POLITICS-KENYA:
Corrupt Officials May Escape Justice
Joyce Mulama
NAIROBI, Aug 3 (IPS) - This week's court ruling clearing former education minister George Saitoti of any wrongdoing in Kenya's Goldenberg scandal has raised fears that other key suspects may follow in Saitoti's footsteps and exonerate themselves from the scandal.
Handing its landmark ruling Aug. 2, Kenya's High Court said Saitoti should not be charged in connection with the Goldenberg scandal, the country's biggest financial fraud. Kenya lost close to one billion dollars in the scandal which involved a fake scheme for the export of gold and diamonds by a company called Goldenberg International.
Saitoti filed a suit in court seeking to have his name removed from a report of the Goldenberg Commission of Inquiry, which was investigating the scandal that took place in the early 1990s. Saitoti, who was vice president and finance minister at the time, was adversely mentioned in the report together with some senior colleagues of his in the government.
The ruling said Saitoti had acted according to procedure when he approved a payment to Goldenberg International. It also said that Attorney-General Amos Wako had cleared Saitoti of wrongdoing in a statement he had presented to parliament over a decade ago..

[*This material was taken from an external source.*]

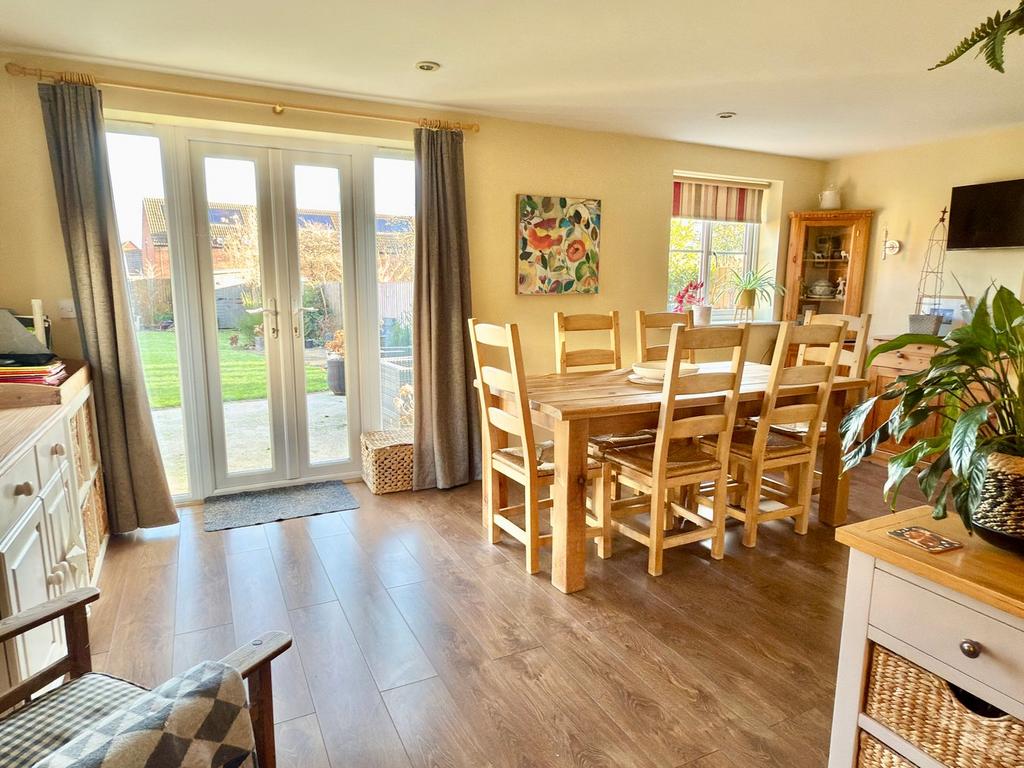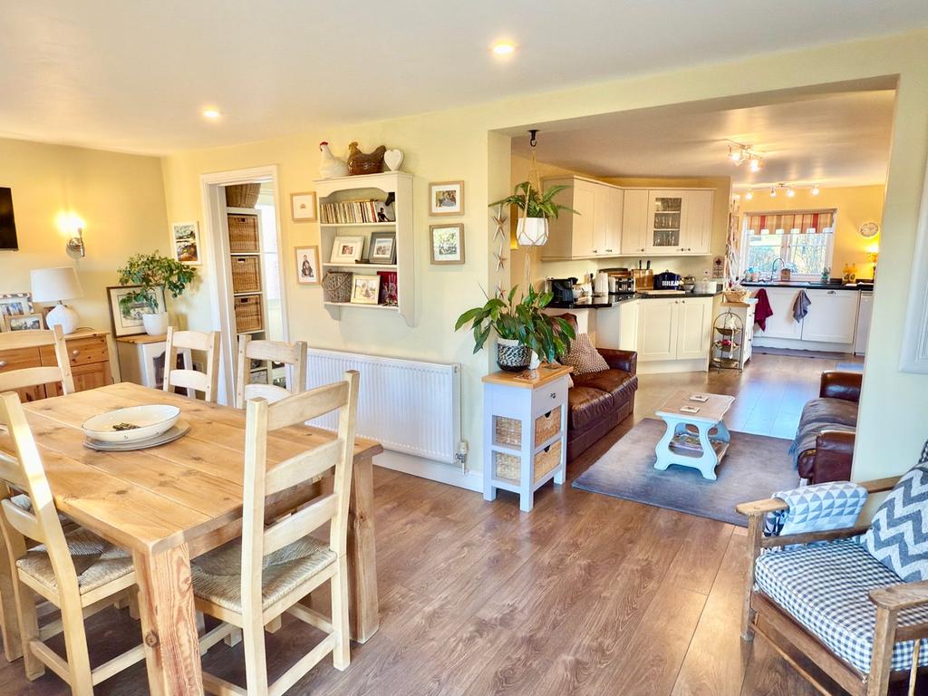 The dining area has patio doors leading out to the garden and a door leading through to a useful utility room with door out to the garden.

The court further ruled that all paragraphs that adversely mention Saitoti be removed from the report. ''Like guided missiles hit only the target, let this order have the same effect by hitting only the targeted paragraphs which are in relation to (Saitoti),'' said the order from the three-judge bench.

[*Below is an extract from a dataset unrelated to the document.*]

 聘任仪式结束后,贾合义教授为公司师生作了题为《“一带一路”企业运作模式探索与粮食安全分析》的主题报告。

Established in 2003, the Goldenberg Commission of inquiry, led by Justice Samuel Bosire, handed over the report to the government early this year, after which Saitoti went to court. The report recommends, among other things, prosecution of those implicated in the corruption scandal.
Following the release of the report, public pressure ensued, prompting Saitoti to resign as education minister in the current administration.
The Goldenberg scandal falls among the massive corruption cases that have put President Mwai Kibaki under pressure to honour his pledge of fighting graft. He came to power December 2002 on an anti-corruption platform.
But with the quashing of the report, many see it as a setback to the fight against corruption, with fears simmering that other key persons mentioned in the report may follow in Saitoti's footsteps, and escape justice.
''The impact of the ruling is going to be very far reaching. Everybody else in the report will try to go to court. The message this sends is that people can do anything and be able to get away with it,'' Maina Kiai, the chairperson of the Kenya National Commission on Human Rights, an independent governmentûappointed human rights watchdog, told IPS.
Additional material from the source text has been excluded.